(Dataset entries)
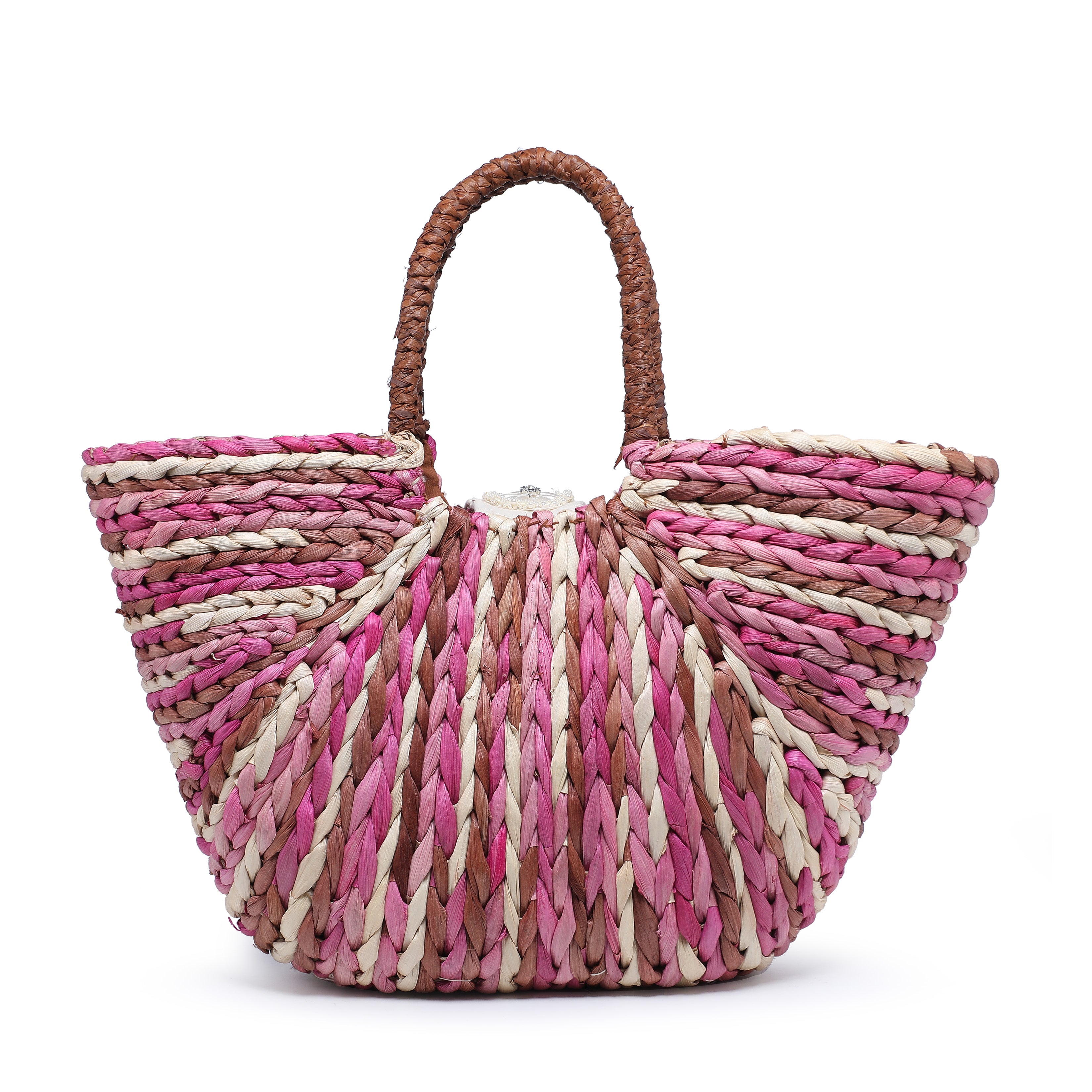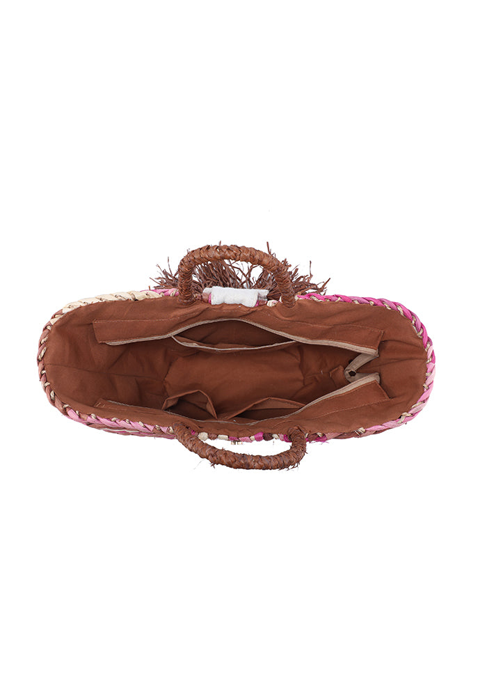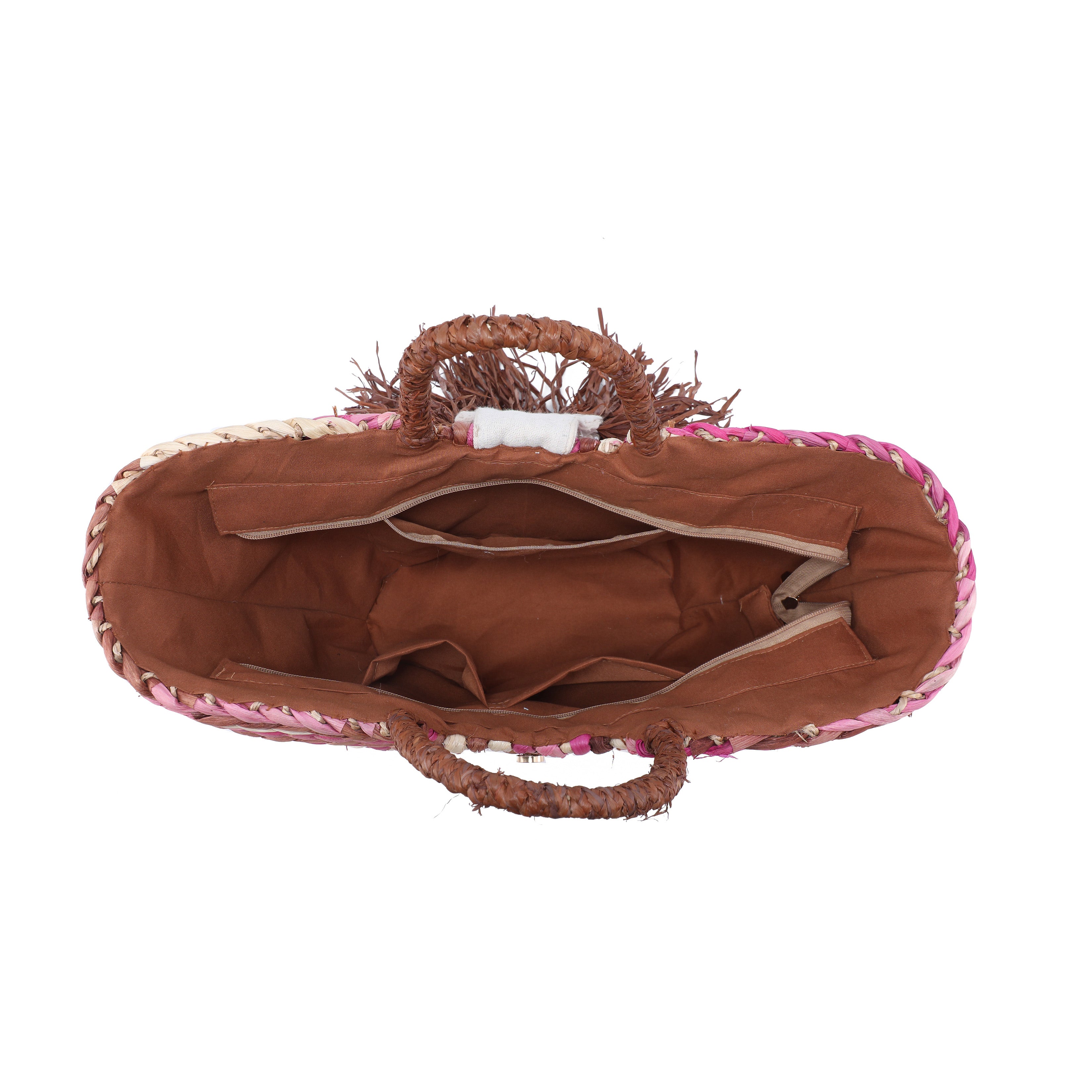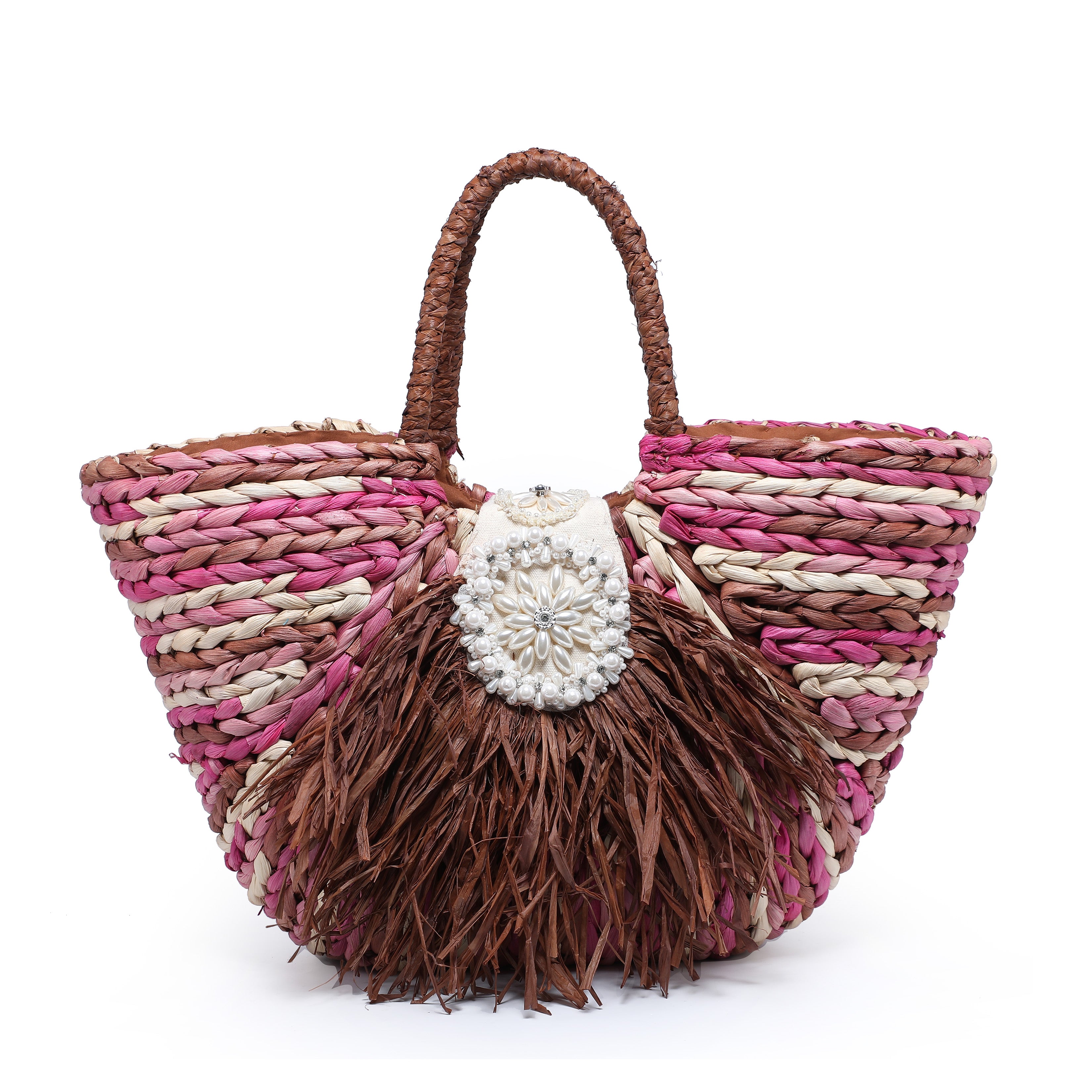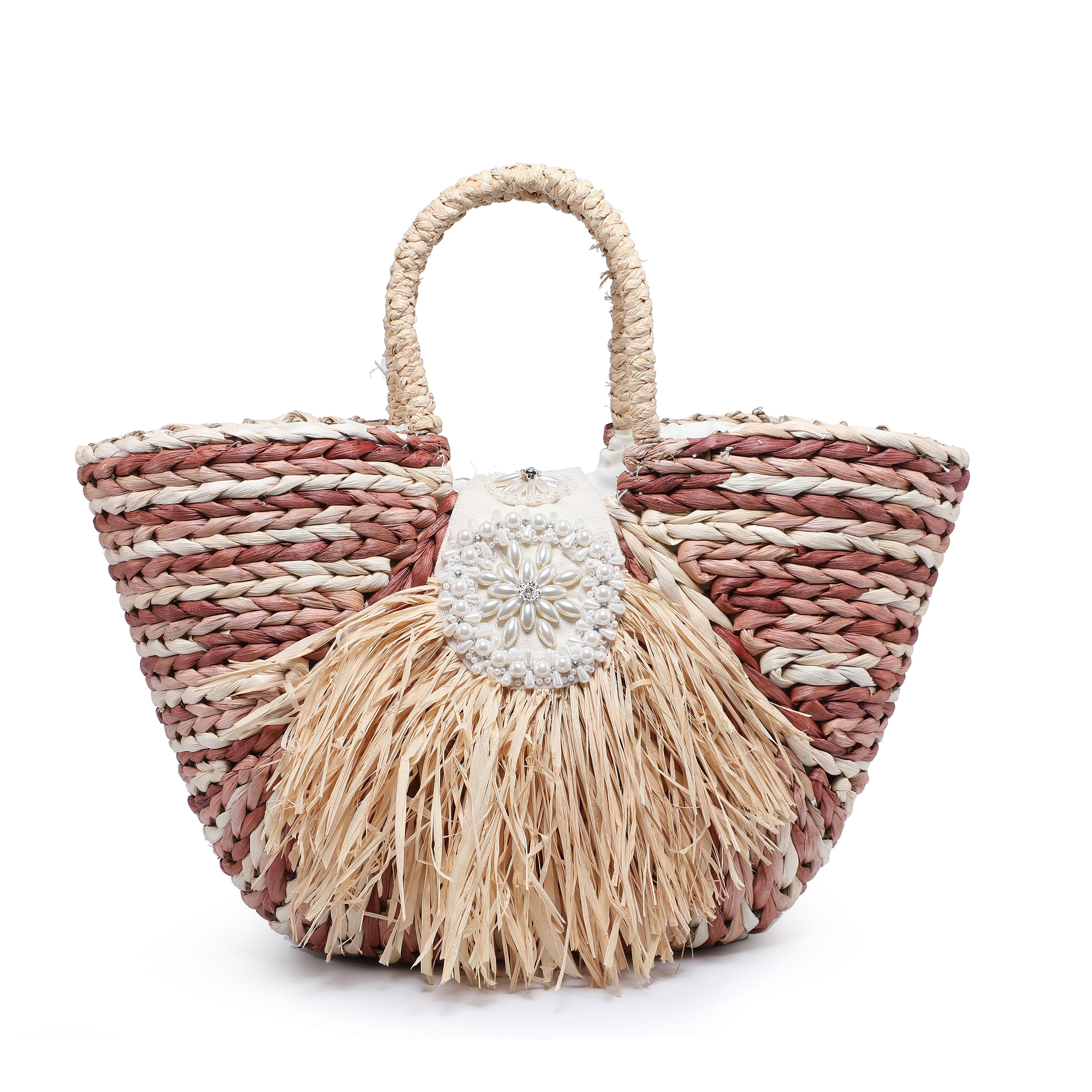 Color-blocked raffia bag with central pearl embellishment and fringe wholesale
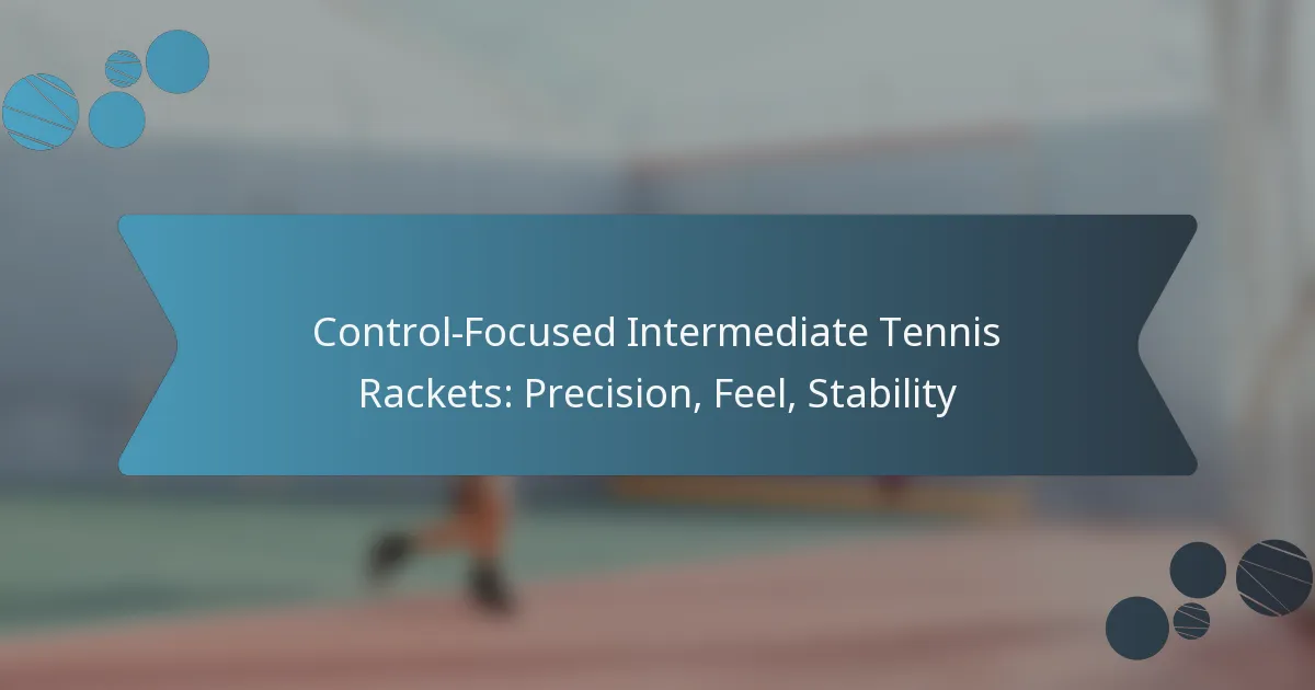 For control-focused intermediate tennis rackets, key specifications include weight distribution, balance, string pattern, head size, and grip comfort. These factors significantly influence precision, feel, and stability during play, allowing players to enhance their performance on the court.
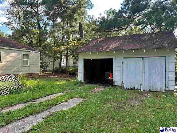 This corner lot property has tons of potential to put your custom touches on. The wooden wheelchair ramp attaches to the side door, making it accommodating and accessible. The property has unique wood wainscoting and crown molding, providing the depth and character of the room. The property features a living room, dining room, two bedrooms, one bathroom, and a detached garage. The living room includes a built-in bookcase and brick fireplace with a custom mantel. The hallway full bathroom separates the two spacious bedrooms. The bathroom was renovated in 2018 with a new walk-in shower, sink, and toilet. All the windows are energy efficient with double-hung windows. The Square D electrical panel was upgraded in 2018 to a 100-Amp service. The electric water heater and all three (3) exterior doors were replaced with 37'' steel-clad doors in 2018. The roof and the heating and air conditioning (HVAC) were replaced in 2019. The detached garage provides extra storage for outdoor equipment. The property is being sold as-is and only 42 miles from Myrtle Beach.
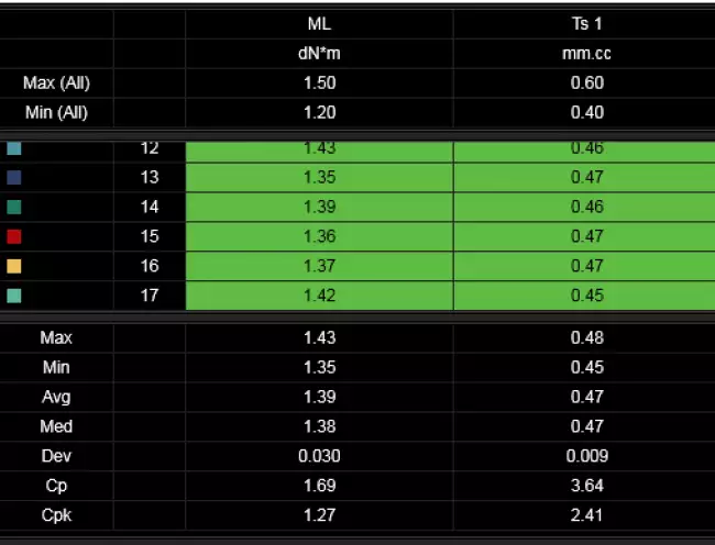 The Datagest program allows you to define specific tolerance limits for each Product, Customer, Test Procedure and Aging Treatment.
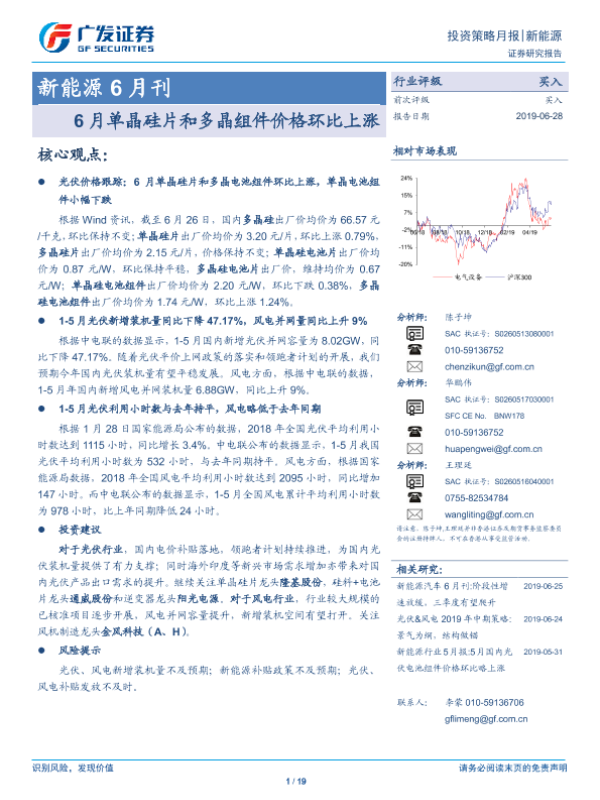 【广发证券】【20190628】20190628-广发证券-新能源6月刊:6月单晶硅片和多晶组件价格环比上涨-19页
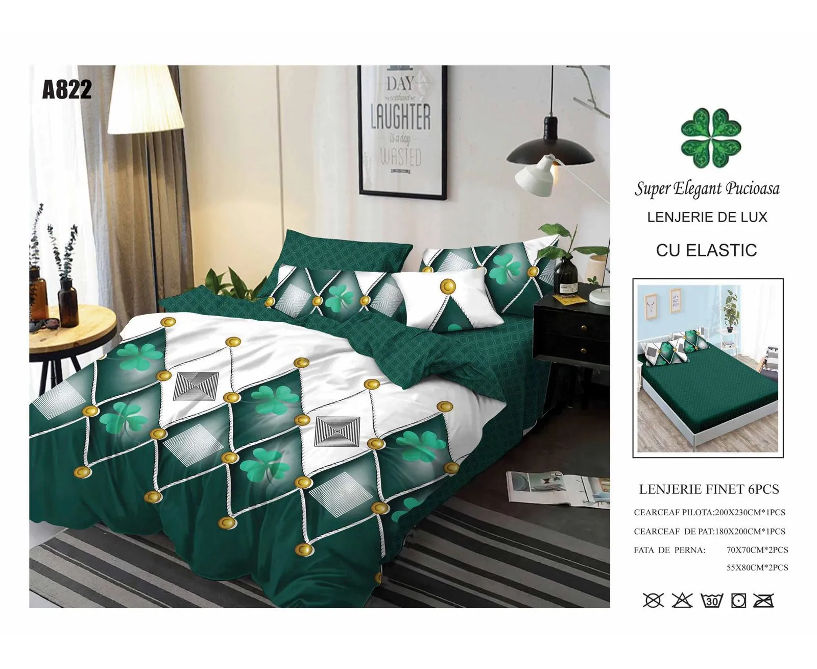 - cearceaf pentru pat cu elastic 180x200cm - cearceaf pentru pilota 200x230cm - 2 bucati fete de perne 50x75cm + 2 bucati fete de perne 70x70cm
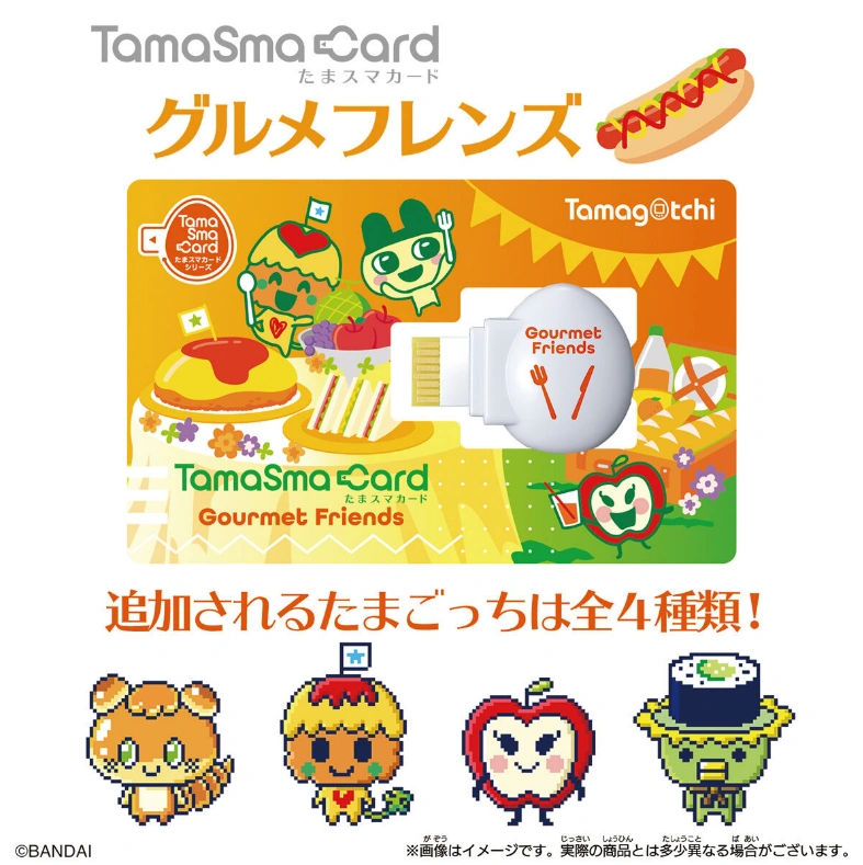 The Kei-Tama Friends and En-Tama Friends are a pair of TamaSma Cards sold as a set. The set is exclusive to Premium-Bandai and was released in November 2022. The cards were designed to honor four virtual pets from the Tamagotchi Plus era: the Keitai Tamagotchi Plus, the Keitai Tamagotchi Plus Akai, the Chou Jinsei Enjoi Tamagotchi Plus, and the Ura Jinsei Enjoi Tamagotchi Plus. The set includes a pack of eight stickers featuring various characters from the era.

[Action item]
Above are some records; extract exactly the lines from the one containing "The Datagest program" through the one containing "- cearceaf pentru pat" and drop the pictures.

[Response to the exercise]
 The Datagest program allows you to define specific tolerance limits for each Product, Customer, Test Procedure and Aging Treatment.
 【广发证券】【20190628】20190628-广发证券-新能源6月刊:6月单晶硅片和多晶组件价格环比上涨-19页
 - cearceaf pentru pat cu elastic 180x200cm - cearceaf pentru pilota 200x230cm - 2 bucati fete de perne 50x75cm + 2 bucati fete de perne 70x70cm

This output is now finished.